PS-If you use a different currency then the US Dollar please include the US equivalent, thanks!


----------



## NateWagner (Jun 5, 2008)

Well, I'm not sure what you currently have, but you're probably going to have a difficult time finding macro lenses for under 100 dollars. The way I see it you have a few options

1. you might be able to find an older macro lens (not sure) that would work, perhaps one that would only manual focus. 

2. You could get extension tubes (I know Kenko, and of course nikon and canon have them) they will increase the focal length allowing you to focus from a closer distance. (I think I said that right)

3. you could get step up filters which will do much the same thing as number two. (again, there are more technical differences there, I just don't know them)

#2 you could find for $75 or less (though you may lose your autofocus ability with that) or for 150ish if you kept your autofocus.
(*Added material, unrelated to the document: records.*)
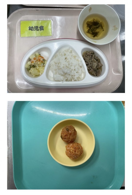 御飯、豚肉や香味焼き(もやし)、ポテトサラダ(りんご)、すまし汁(たまねぎ、わかめ) 15時のおやつ ケチャップライスおにぎり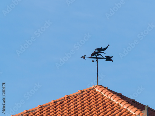 weather vane shaped like tree dolphins placed on top of a roof made of terracotta tiles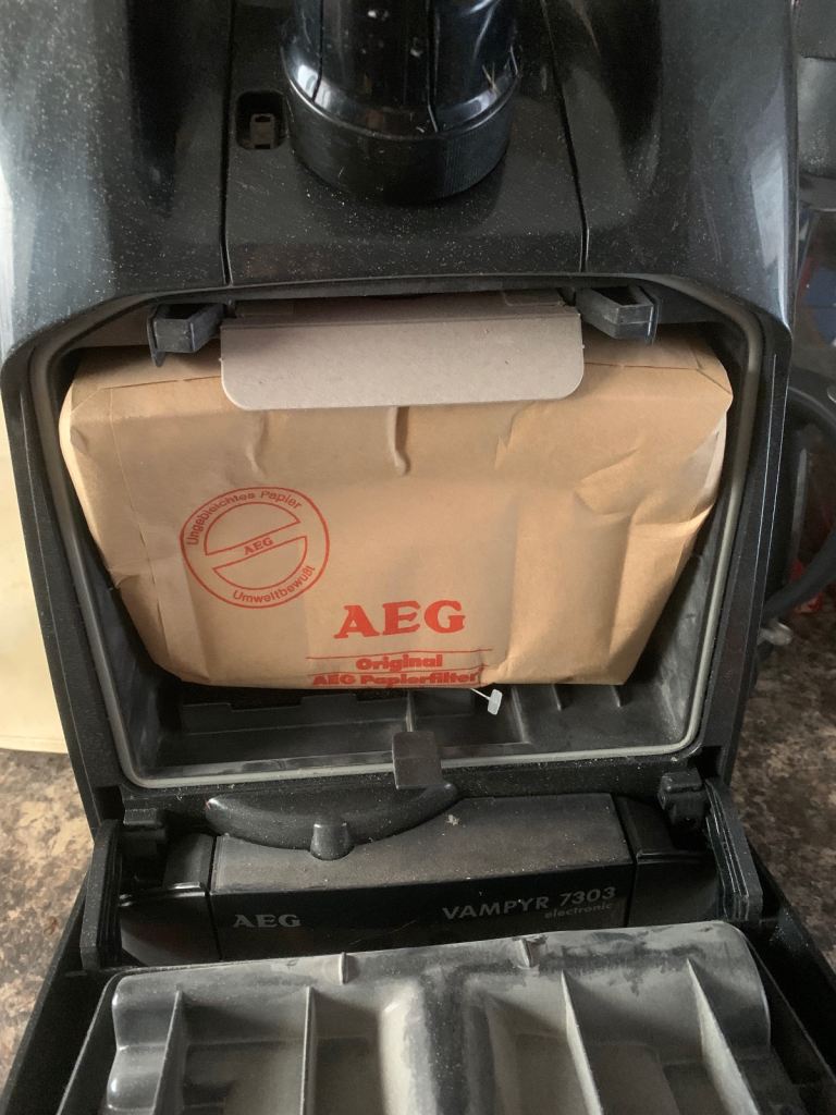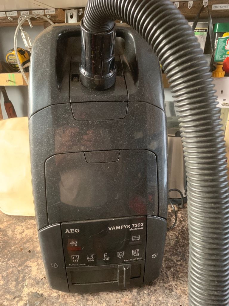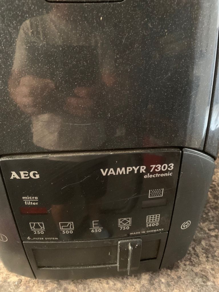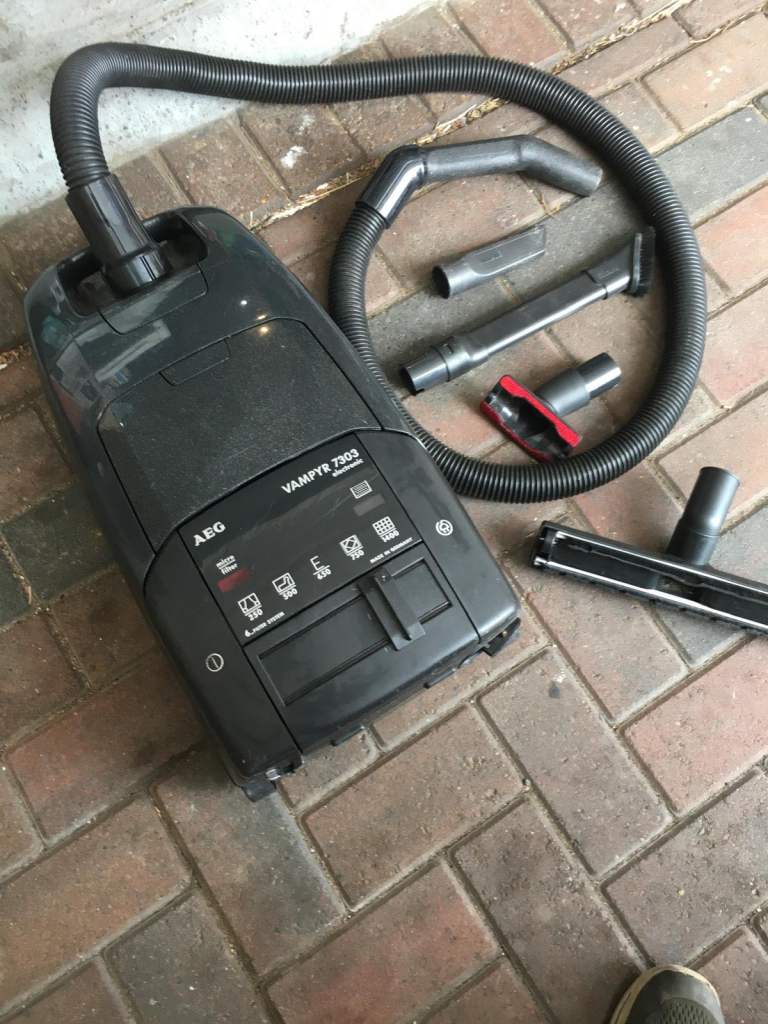 A AEG floor vacuum with attachments but it’s missing the long vacuum extension pole

However, it's probably your best bet if you want to stay in that price range.


----------



## usayit (Jun 5, 2008)

Yes... it would be nice to know what camera you own...

My budget macro setup:
* Used Samsung GX-1L $150 (K-mount DSLR)
* Used Tamron 90mm f/2.5 Macro Adaptall lens $100 
* Used Tamron 2x Adaptall teleconverter (gets you 1:1 mag) $60 (KEH)
* New-Old-Stock Vivitar 6000AF ring light $100
* Used K-mount Adaptall Adapter $30


----------



## usayit (Jun 5, 2008)

BTW.... some sort of lighting (ring light) is practically a must in Macro photography.  You should include one with your budget.  It could be ring light, flash on an off-shoe cord, macro dual head light.... something.
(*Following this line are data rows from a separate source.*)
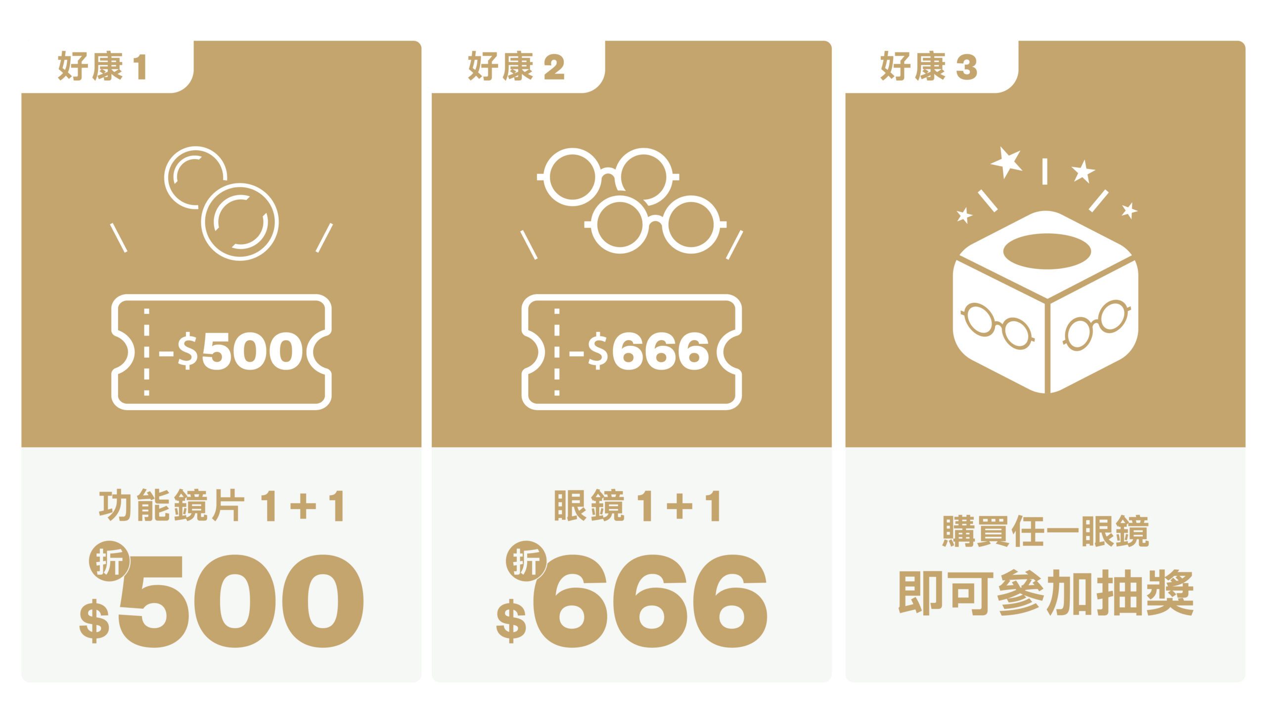 - 功能鏡片1+1折 NT$500元:IP聯名款、職人系列手作鏡框等,皆可參加。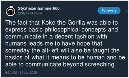 This just in.  Yesterday (6/21), Koko, Famed Gorilla that Learned Sign Language, Dies Age 46.  Comment: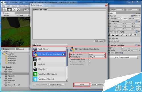 2、文件導(dǎo)出為32位或者64位的,根據(jù)自己的ubuntu的版本決定。點(diǎn)擊左邊的“PC,Mac&Linux...”,右邊的target platforn選擇linux,architecture選擇x86_64(因?yàn)槲业膗buntu是64位的),完成后點(diǎn)擊下面的“build”。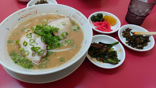 美味しい。 ちょうど良い塩味とちょうど良い甘みとブタの油を楽しめるラーメン。ライスがすすむラーメン。 私の知っている和歌山ラーメンのガツンとした豚骨の香りは無く、少しだけニンニクの風味を感じる印象です。和歌山ラーメンにカテゴライズされないかもしれません。しらんけど。知らないけど美味しいです。 基本の豚骨ラーメンがこんなにライスが進むんだから、カレーラーメンはもっと進むんだろうな。次行くのが楽しみです。 4人入れるカウンター(コロナ禍で席数を減らしているかもしれません)と、4人がけのテーブルが2つ。ご主人がお一人できりもりされているようで、テーブルの常連さんらしきお客さん達も、自分達の給仕を一緒にする地域密着感も、観ていて気持ちが良いお店。 満足感に溢れます...

Another setup (relatively inexpensive) to consider...
M42 screwmount adapter for whatever camera you are using
M42 screwmount bellows unit
Takumar 50mm f2 lens

This setup will require a bit more adjustment so tripod is necessary.


----------



## tirediron (Jun 5, 2008)

A few thoughts - the 'Don't skimp on the glass' rules applies doubly in macro work.  Don't buy a cheap lens; if you can't afford a decent one (and remember, there's no shame in buying used gear; it already has that patina on it) wait until you can.  Tubes or close-up lenses are a good hold-over and work well.


----------



## Garbz (Jun 5, 2008)

At that kind of price you may want to look into reverse lens macro photography, or using close up filters or bellows.
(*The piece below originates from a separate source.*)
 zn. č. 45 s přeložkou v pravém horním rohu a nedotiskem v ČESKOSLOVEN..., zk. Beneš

A reasonable best bang for buck actual macro lens would be the Nikkor AF 105mm f/2.8 D Given that the AF-S version was released last year this should be available for ~$500 second hand.


----------



## GwagDesigns (Jun 6, 2008)

Id also look into the Sigma 105 2.8 macro, ive been using it for a while now, very sharp, very crisp, in both macro work and portraits


----------



## Overread (Jun 6, 2008)

Just a note

Auto focus is hardly used compared to manual focus with macro - so having no AF is not a problem
If you are going for extension tubes, as they are just a gap for air might as well go for a 3rd party - canon and nikon are rather expensive


----------



## Alfred D. (Jun 6, 2008)

*Best Macro Bang for Your Buck:*


----------



## PhilGarber (Jun 6, 2008)

Alfred D. said:


> *Best Macro Bang for Your Buck:*



 Yeah, but thats only for lighting...right?

Anyway, I use a Rebel XT with an 18-55mm lens..do you think buying a lens off Ebay is too risky?


----------



## usayit (Jun 6, 2008)

PhilGarber said:


> Anyway, I use a Rebel XT with an 18-55mm lens..do you think buying a lens off Ebay is too risky?



I  buy from ebay all the time.... no problems yet.  There is risk involved much like any bargain hunting.  You just have to be smart about how you play the game.


----------



## PhilGarber (Jun 6, 2008)

usayit said:


> I  buy from ebay all the time.... no problems yet.  There is risk involved much like any bargain hunting.  You just have to be smart about how you play the game.



  Thanks! I'll go browse Ebay now!


----------



## PhilGarber (Jun 6, 2008)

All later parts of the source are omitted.